Child Passenger Safety and Seatbelts

LIBERTY, March 20, 2018 - Nationally, traffic collisions are the leading cause of death among children ages 5 to 14 and the results are staggering; more than 500 are killed and 95,000 are injured annually. Many of these deaths and injuries could have been prevented if the children were properly restrained in seat belts or child safety seats. When children outgrow forward-facing child safety seats, they need to be restrained in belt-positioning booster seats until they are big enough to fit properly in an adult seat belt.

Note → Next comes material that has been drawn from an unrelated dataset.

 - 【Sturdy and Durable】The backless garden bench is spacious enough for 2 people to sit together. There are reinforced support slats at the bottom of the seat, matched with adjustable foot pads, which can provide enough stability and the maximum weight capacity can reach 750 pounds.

Things to remember when transporting children or using child safety/booster seats in a vehicle:

  • All children ages 12 and under should sit in the back seat properly restrained. The rear seat is the safest place for children.
  • Never use pillows, books, or towels to boost the height of a child. They can slide around and increase the likelihood of injury.

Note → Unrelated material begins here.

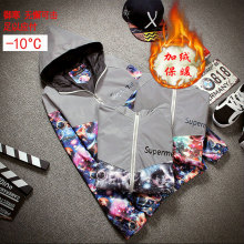 春秋潮牌防风衣青少年加绒加厚反光衣外套学生男女情侣发光衣班服
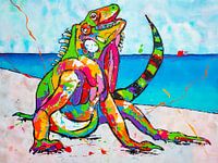 Kleurrijk schilderij van een vrolijke leguaan op het strand van de kunstenaar Renate Rolefes.

  • Make sure everyone is buckled up correctly. Infants and very young children should be in child safety seats. Young children should be correctly buckled using a booster seat.
  • Read the instructions for the child safety or booster seat and your vehicle owner’s manual before installation. If the vehicle has only lap belts in the back seat, consider having shoulder belts installed by a dealer or repair facility. Most vehicle manufacturers offer retrofit shoulder belt kits for this purpose.

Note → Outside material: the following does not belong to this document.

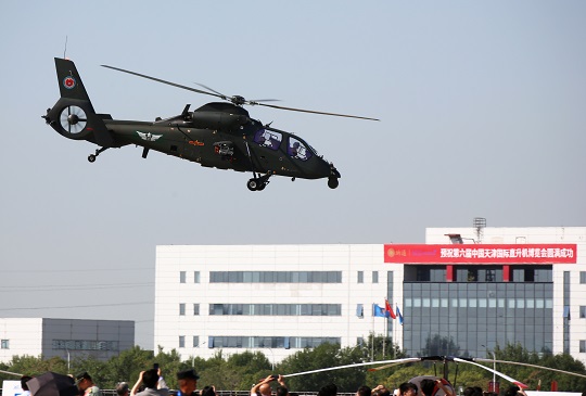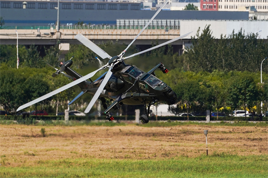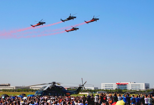 圖為陸軍“風雷”飛行表演隊直-10武裝直升機進行飛行表演。張永進 攝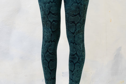 Leggings mit abstraktem Schlangenmuster - Siebdruck - unisex - blau-grün

  • After installing a child safety or booster seat, do not forget to test for a snug and secure fit. Properly fitting lap and shoulder belts reduce the risk for belt-induced injuries, which can occur when lap or lap/shoulder belts are a small child’s only restraint.
  • Always fill out and mail the registration card that comes with the safety/booster seat so notifications can be made in case of a recall.

In 2016, the Texas Department of Public Safety (DPS) introduced a Child Passenger Safety National Best Practice Recommendation list with four phases. Texas law doesn’t require parents to practice everything on this recommendations list, but authorities urge all parents to take these recommendations seriously to prevent spinal cord injuries and death. The new law is meant to close the safety gap for children who have outgrown infant car seats, but are not big enough to be protected by adult safety belts. Booster seats are required by law to comply with the same standards and guidelines as child safety seats. When buying a booster seat, make sure it has a label stating the child restraint system conforms to all applicable United States Federal Motor Vehicle Safety Standards. Never use a booster seat that has been in a crash. The seat may have defects that are not visible.